The data in the following table is the average value after 20 times. DS1, DS2, and DS3 experimental results are shown in Tables 46.

4.4. Experiment 4. Identification of Poverty Features

This section adopts the proposed DBSCAN algorithm to process the real poverty alleviation data. The data source of poverty alleviation comes from a prefecture-level city, including 11,423,500 rural population, 196,700 rural households, and 68,000 poverty-stricken households. The original data includes the data of archived card, the data of visit, the data of agricultural cloud project, the data of education, and health and sanitation departments. According to the designed poverty alleviation data indicator system, the data of poverty alleviation can be filled with ETL tool. Finally, the proposed DBSCAN algorithm in this paper is applied to analyze the poverty alleviation index data to intelligently identify the poverty characteristics of the poor households and carry out the corresponding visual display and analysis to provide decision support for the regional assistance work.

In this paper, the proposed DBSCAN clustering algorithm based on local sensitive hash is applied to complete the mining and analysis of the preprocessed poverty alleviation index data matrix to identify the poverty characteristics of the poor households in different regions. Feature classification is carried out by clustering algorithm, and 8 data clusters are finally identified by consensus with each cluster corresponding to a feature category. For each data cluster, it takes the central data object as the cluster. The index whose value exceeds the threshold value of 0.7 is the impoverishment index of the data object. The poverty characteristics identified in this paper are compared and corresponded to the causes of poverty in the registered cards of poor households. On the one hand, it refines and complements the general causes of poverty in the archival registration cards to facilitate the matching of assistance measures and assistance cadres in the later period. On the other hand, the identification results of this paper and the causes of poverty can be used to verify each other.

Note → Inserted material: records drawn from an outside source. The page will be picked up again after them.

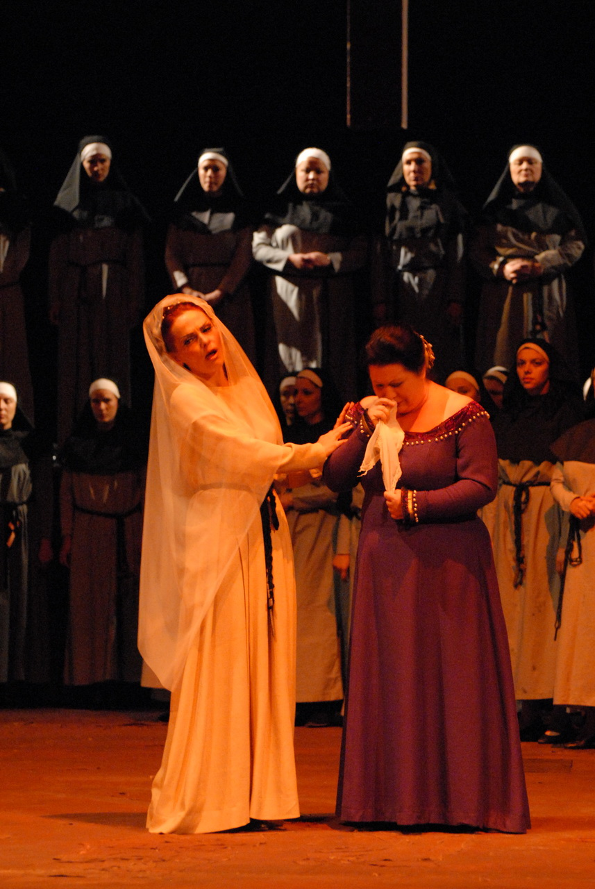 "The Troubadour", an opera in four acts by Giuseppe Verdi, directed by Voja Soldatović, Opera of the SNT, Novi Sad, 2008/09; Svitlana Dekar (soprano), Laura Pavlović (soprano), and Opera Women's choir of SNT Srpski (latinica): "Trubadur", opera iz četiri čina Đuzepe Verdija u režiji Voje Soldatovića; Opera SNP-a, Novi Sad, 2008/09; Svitlana Dekar (sopran), Laura Pavlović (sopran), ženski Hor opere SNP-a Српски (ћирилица): "Трубадур", опера из четири чина Ђузепе Вердија у режији Воје Солдатовића; Опера СНП-а, Нови Сад, 2008/09; Свитлана Декар (сопран), Лаура Павловић (сопран), женски Хор опере СНП-а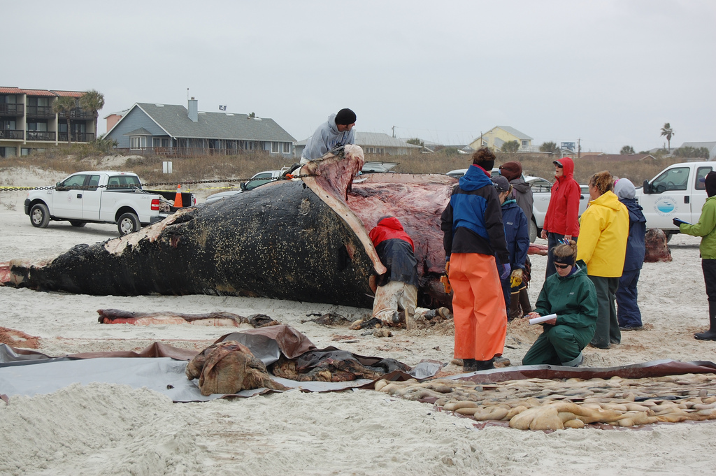 A 2-year-old North Atlantic right whale died off the shore of St. Augustine Feb. 3, 2011, and was dragged onto the beach for an autopsy. Oceanic and wildlife officials helped untangle the 30-feet long, 15,000-pound whale from rope and other debris three other times since Christmas day. Picture of whale alive here: More details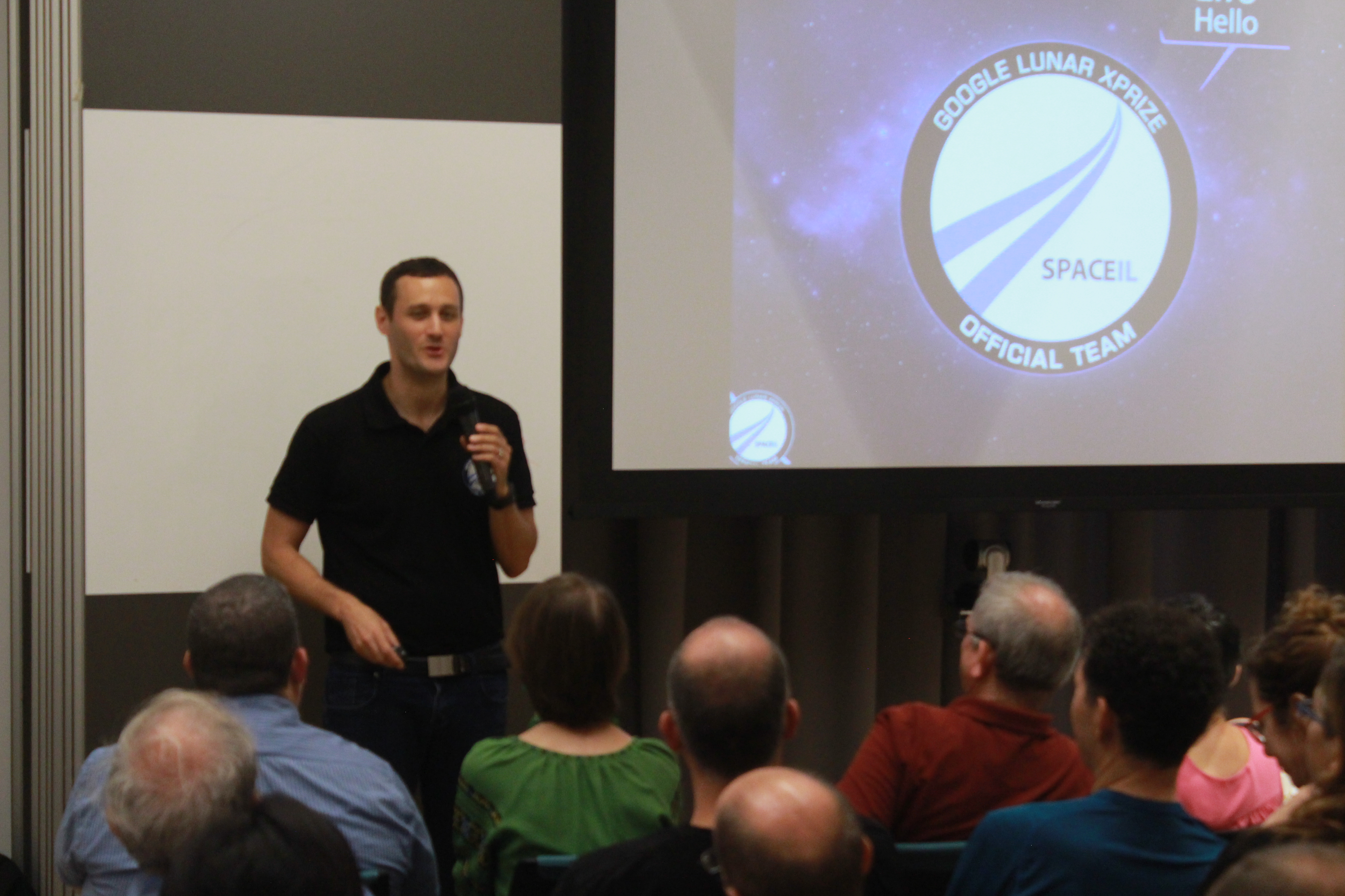 Hebrew Wikipedia's 15th Birthday celebration. Wikimedian meetups in Israel: August 2018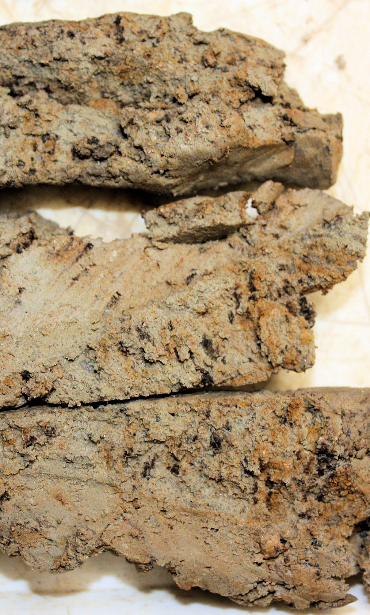 Weathered olive grey clay till with stains of ochre and manganese oxides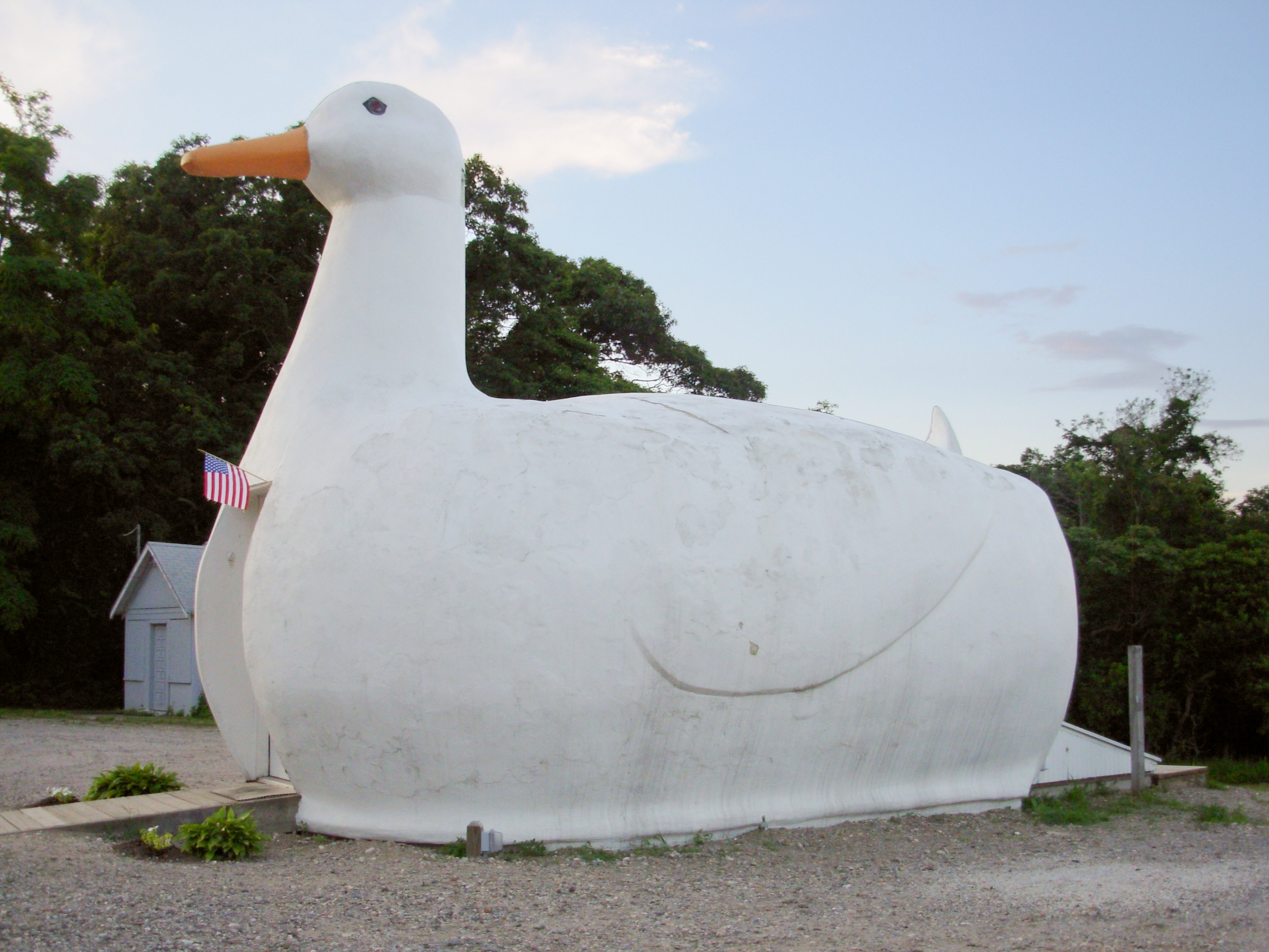 The Big Duck

Table 7 shows the comparison accuracy between the poverty characteristics identified in this paper and the causes of poverty caused by registered card. We give the overall comparison results. Because this article identifies poverty characteristics compared with cross tent card of poverty causes more refined, index, and rich content, the farmers that have the same poverty characteristics may correspond to multiple poverty reasons. When calculating the accuracy, for the poverty characteristics of a certain household, some or all of the poverty characteristics correspond to the causes of poverty caused by registered card, and we believe that the recognition result is consistent with the result of registered card.

5. Conclusions

Targeted poverty alleviation aims to build a well-off society in an all-round way. However, the current poverty alleviation work mainly relies on the establishment of documents, visiting by village cadres, and so on, which costs a lot of manpower and material resources, and lacks scientific and effective means with supervision management. This paper mainly studies the intelligent identification method of poverty characteristics for poor households, designs an intelligent identification scheme of poverty characteristics, and further provides data reference and guidance for accurate matching of assistance measures and pairing of assistance cadres. However, if the dimension of the datasets is very higher, the cluster effect is not perfect with the current experimental environment. In the future, we will adopt newly deep learning methods to improve the cluster effectiveness. The improved and advanced clustering technologies will be applied in targeted poverty alleviation of the poverty counties in China.

Data Availability

The data used to support the findings of this study are available from the corresponding author upon request.

Conflicts of Interest

The authors declare that there is no conflict of interest regarding the publication of this paper.